◆ EXERCISE REQUIREMENTS:
Nothing outside the range is wanted. Repeat exactly the lines below from the one with "Коврик для мыши" through the one with "save the date".

◆ GIVEN DATA:

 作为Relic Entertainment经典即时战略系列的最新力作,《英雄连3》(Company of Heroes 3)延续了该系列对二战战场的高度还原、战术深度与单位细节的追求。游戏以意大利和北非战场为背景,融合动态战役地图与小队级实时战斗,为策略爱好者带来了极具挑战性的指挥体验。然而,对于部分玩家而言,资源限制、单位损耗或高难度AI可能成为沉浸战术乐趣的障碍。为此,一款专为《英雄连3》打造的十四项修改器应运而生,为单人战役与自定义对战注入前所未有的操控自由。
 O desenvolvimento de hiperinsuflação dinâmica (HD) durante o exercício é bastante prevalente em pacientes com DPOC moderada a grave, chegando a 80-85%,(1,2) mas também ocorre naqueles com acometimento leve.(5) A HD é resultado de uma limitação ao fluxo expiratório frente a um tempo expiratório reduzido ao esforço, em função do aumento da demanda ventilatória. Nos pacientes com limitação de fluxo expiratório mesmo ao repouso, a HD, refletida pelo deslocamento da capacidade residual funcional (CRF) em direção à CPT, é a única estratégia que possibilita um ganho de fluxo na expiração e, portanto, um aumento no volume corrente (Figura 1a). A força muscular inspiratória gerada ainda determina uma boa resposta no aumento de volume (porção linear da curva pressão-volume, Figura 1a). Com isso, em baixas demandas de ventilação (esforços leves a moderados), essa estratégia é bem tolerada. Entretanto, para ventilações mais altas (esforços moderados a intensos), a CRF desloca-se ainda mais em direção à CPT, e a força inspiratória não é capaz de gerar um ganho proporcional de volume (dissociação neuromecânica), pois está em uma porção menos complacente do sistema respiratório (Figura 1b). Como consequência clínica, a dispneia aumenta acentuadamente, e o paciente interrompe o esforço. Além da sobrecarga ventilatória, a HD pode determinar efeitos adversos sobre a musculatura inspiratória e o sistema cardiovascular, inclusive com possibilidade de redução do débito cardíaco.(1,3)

* * *

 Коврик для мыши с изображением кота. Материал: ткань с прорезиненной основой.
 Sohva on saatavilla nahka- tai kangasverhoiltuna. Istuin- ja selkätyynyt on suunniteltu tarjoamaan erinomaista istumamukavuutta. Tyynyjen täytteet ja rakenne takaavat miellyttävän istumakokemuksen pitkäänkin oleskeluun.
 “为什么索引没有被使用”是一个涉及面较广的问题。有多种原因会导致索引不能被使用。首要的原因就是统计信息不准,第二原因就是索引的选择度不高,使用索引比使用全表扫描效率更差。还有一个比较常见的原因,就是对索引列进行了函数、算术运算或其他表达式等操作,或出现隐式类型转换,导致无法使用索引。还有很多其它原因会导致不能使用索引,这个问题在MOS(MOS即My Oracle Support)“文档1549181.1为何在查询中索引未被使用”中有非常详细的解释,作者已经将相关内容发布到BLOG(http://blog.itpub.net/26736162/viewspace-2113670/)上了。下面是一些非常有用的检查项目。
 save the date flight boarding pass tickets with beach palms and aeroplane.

◆ TASK ANSWER:
 Коврик для мыши с изображением кота. Материал: ткань с прорезиненной основой.
 Sohva on saatavilla nahka- tai kangasverhoiltuna. Istuin- ja selkätyynyt on suunniteltu tarjoamaan erinomaista istumamukavuutta. Tyynyjen täytteet ja rakenne takaavat miellyttävän istumakokemuksen pitkäänkin oleskeluun.
 “为什么索引没有被使用”是一个涉及面较广的问题。有多种原因会导致索引不能被使用。首要的原因就是统计信息不准,第二原因就是索引的选择度不高,使用索引比使用全表扫描效率更差。还有一个比较常见的原因,就是对索引列进行了函数、算术运算或其他表达式等操作,或出现隐式类型转换,导致无法使用索引。还有很多其它原因会导致不能使用索引,这个问题在MOS(MOS即My Oracle Support)“文档1549181.1为何在查询中索引未被使用”中有非常详细的解释,作者已经将相关内容发布到BLOG(http://blog.itpub.net/26736162/viewspace-2113670/)上了。下面是一些非常有用的检查项目。
 save the date flight boarding pass tickets with beach palms and aeroplane.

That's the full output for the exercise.